Опять-таки не лестно быть самоуверенным потому, что я ничего не знаю и знать ничего не хочу. А между тем несомненно, что русский характер и нелестные (для меня, например) черты этого характера прямо симпатичны графу Толстому. Господин Цион не без основания уверяет даже, что нерусского человека Толстой и изобразить не может иначе, как со злобой и сарказмом (Наполеон), с иронией и презрением (Рамбаль, m-elle Бурьен). Во французе Толстой видит только фразера, кривляку и хвастуна, хотя и очень добродушного; француженка – интриганка, произносящая с закатом глаз: “Ma m`ere, ma pauvre m`ere”… [15]
15
“Мама, моя бедная мама” (фр.).
Отчасти Цион прав. Все типы иностранцев или русских, зараженных иностранным влиянием, у Толстого отрицательны. Пьер Безухов становится настоящим хорошим человеком, только сблизившись с “ними”, с массой, и отделавшись от заразы западного индивидуализма и западной веры в разум. Сам Толстой разочаровался в европейцах за их “западный дух”…
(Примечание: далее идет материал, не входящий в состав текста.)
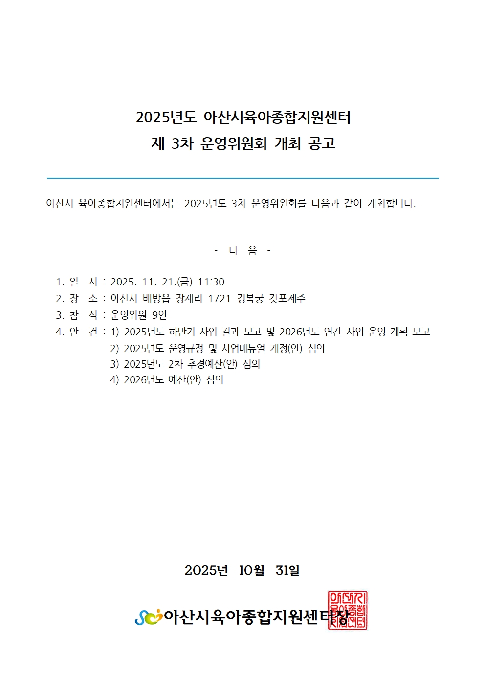 Á¦ 3Â÷ ¿î¿µÀ§¿øÈ¸ °³ÃÖ °ø°í ¾È³»

Но “эта неспособность судить обо всем, что иностранное, происходит, по мнению Циона, не от незнания, не от преднамеренной враждебности”, а от известного склада ума, пожалуй, структуры мозга, которая мешает Толстому проникать в гений другого народа, кроме русского.
По мнению того же Циона, Толстой нисколько не питает ненависти к европейским народам и не испытывает слепого удивления ко всему русскому. Слишком ясновидящий, чтобы не замечать недостатков своих соотечественников, он в то же время слишком искренний, чтобы не указывать на них. В ряду многочисленных национальных типов, рассеянных в его романах, лишь очень немногие внушают к себе симпатию… Его картины русского общества суть сатиры и тем более жестокие, что тут уже одно сходство составляет горечь и что к ним не примешивается задней мысли о том, что автор чернит намеренно.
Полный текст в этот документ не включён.